(Beginning of Data section)

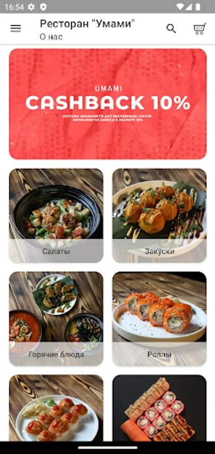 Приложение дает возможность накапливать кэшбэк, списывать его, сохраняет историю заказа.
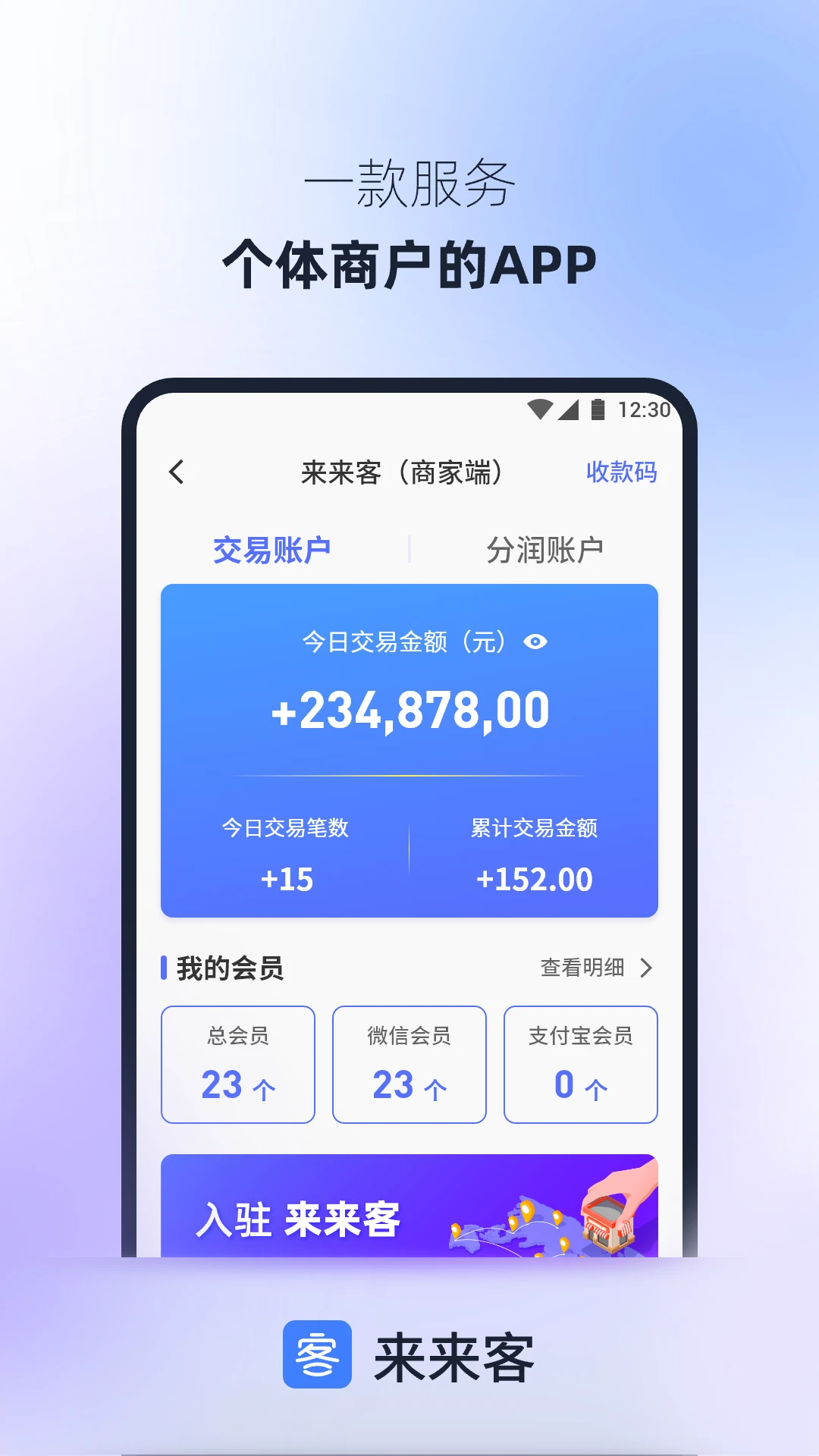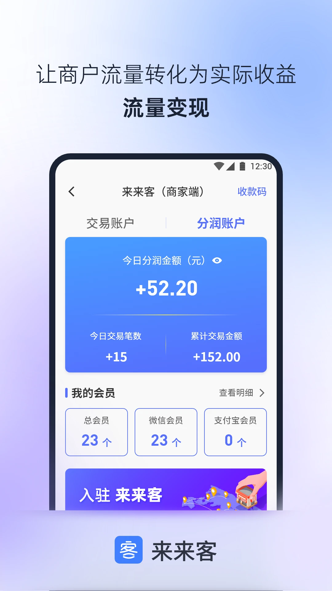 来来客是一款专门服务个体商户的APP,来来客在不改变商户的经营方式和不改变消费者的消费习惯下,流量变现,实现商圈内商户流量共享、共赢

(End of Data section)
(Beginning of Data section)

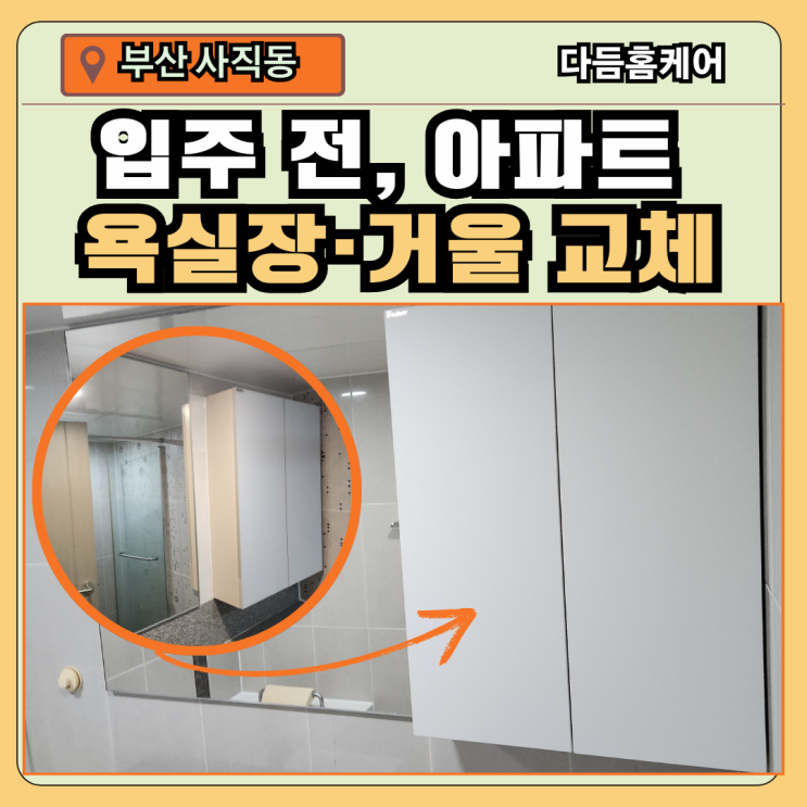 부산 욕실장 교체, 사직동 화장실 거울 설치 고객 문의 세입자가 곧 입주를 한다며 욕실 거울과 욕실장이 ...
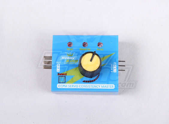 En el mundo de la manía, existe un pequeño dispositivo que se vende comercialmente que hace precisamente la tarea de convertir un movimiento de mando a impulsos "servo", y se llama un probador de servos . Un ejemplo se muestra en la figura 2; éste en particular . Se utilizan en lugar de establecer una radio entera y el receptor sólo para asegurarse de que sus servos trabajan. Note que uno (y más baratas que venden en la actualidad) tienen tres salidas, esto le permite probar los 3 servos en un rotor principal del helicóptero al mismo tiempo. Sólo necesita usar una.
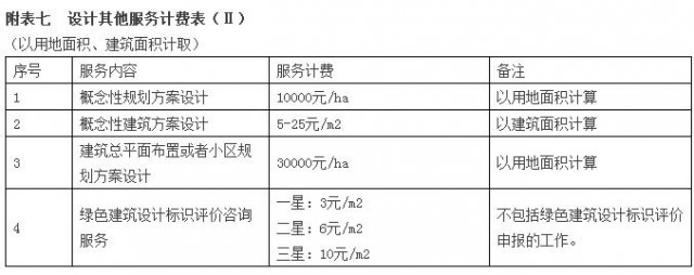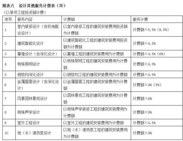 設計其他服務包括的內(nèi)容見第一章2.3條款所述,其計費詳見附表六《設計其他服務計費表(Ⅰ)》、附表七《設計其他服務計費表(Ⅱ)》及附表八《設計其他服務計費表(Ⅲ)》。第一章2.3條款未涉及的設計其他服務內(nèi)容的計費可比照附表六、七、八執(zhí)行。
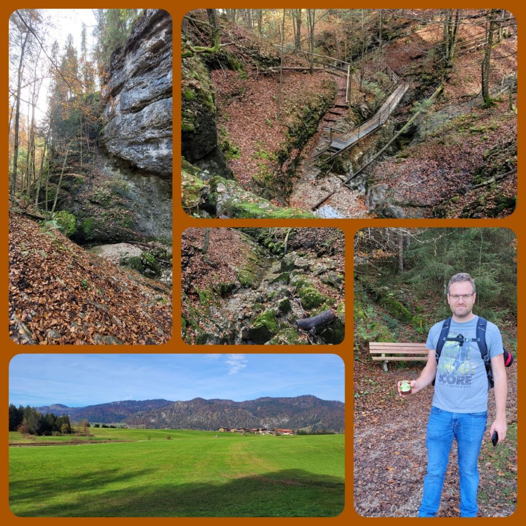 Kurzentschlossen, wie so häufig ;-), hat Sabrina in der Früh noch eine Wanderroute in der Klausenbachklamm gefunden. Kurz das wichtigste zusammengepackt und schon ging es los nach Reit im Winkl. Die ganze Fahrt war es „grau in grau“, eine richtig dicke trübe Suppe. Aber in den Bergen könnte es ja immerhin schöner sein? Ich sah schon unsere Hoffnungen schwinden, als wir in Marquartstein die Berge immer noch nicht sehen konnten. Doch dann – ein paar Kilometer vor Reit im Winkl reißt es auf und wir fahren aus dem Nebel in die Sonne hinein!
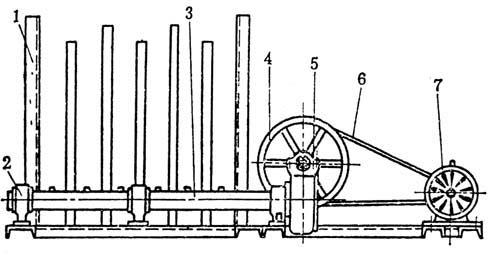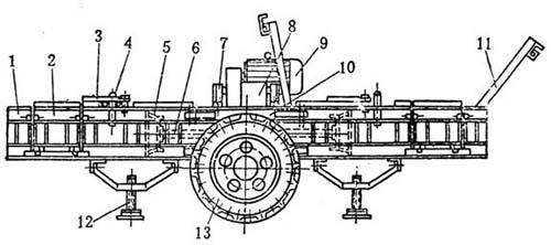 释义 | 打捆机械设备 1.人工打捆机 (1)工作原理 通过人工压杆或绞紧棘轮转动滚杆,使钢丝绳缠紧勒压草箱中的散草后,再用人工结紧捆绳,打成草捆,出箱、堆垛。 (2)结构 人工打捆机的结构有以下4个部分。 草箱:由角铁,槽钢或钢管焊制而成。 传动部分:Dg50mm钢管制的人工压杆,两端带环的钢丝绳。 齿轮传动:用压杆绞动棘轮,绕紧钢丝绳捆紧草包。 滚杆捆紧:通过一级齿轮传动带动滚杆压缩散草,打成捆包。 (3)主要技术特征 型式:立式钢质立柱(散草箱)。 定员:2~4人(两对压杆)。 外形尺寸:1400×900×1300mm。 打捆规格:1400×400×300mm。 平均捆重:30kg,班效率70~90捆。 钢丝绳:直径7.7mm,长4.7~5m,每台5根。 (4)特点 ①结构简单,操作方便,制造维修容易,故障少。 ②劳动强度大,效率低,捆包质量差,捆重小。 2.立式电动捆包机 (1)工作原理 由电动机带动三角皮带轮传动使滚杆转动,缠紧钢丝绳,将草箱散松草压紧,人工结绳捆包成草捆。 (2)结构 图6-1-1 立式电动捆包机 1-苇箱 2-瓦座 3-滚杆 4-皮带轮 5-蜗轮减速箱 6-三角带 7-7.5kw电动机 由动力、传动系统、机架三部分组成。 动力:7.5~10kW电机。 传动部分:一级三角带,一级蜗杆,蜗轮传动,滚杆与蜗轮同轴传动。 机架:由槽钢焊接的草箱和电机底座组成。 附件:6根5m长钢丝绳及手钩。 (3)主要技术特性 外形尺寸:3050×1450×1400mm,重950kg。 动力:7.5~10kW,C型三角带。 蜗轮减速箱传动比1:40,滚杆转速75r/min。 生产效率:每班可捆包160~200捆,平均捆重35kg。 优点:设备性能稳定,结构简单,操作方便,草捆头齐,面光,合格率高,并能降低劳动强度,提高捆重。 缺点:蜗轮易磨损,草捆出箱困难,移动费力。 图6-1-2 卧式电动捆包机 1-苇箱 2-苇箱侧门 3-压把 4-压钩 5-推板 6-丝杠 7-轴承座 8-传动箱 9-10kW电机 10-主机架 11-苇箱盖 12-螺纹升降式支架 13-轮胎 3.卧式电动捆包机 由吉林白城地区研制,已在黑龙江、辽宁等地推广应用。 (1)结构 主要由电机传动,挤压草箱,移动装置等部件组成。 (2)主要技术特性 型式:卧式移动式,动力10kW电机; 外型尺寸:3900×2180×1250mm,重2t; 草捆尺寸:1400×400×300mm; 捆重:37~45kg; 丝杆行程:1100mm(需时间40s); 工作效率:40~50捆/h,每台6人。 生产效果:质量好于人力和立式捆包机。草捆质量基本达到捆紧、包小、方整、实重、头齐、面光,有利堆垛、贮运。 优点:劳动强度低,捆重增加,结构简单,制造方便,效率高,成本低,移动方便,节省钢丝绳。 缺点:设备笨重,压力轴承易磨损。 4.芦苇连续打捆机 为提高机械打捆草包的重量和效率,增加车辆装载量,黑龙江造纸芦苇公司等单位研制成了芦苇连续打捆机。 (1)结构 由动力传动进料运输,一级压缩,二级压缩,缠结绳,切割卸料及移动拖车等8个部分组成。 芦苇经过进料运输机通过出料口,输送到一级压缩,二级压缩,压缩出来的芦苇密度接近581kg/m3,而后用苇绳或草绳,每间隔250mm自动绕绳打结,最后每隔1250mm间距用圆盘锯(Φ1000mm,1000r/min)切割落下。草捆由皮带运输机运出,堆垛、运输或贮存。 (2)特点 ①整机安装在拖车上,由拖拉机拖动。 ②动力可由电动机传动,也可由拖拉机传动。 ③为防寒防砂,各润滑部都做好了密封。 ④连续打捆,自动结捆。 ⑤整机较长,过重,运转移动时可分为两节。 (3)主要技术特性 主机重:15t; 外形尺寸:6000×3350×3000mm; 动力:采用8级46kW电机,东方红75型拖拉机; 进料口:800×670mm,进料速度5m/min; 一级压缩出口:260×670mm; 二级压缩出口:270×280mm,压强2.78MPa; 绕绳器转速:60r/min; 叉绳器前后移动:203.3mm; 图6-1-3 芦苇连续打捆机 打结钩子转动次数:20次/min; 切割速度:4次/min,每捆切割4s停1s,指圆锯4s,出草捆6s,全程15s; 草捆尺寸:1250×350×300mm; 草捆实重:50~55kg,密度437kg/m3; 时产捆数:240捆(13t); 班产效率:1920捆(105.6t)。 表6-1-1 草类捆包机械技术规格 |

(End of Data section)
(Beginning of Data section)

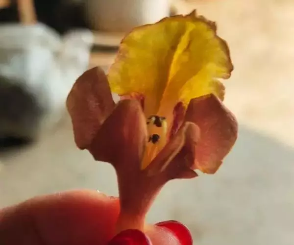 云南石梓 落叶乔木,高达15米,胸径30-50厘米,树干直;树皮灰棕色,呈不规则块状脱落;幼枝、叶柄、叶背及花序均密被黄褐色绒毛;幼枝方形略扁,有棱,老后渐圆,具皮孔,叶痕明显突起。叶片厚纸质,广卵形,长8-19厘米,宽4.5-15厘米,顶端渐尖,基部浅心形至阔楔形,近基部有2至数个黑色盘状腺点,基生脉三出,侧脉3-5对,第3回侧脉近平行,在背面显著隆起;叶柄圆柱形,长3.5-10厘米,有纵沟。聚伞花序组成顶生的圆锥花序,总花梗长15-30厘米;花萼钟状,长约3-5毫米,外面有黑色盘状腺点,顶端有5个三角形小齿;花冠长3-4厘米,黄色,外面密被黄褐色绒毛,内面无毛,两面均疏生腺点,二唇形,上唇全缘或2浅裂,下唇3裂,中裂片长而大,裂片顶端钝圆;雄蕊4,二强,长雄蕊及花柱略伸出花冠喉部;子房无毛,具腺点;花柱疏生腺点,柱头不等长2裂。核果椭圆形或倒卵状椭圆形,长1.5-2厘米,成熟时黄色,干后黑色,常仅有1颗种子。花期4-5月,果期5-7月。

(End of Data section)

Problem description:
In the listing above, find the line containing "Приложение дает возможность" and the line containing "来来客是一款专门服务个体商户", then return both of them and every line between, exactly, without pictures.

Response box:
 Приложение дает возможность накапливать кэшбэк, списывать его, сохраняет историю заказа.
 来来客是一款专门服务个体商户的APP,来来客在不改变商户的经营方式和不改变消费者的消费习惯下,流量变现,实现商圈内商户流量共享、共赢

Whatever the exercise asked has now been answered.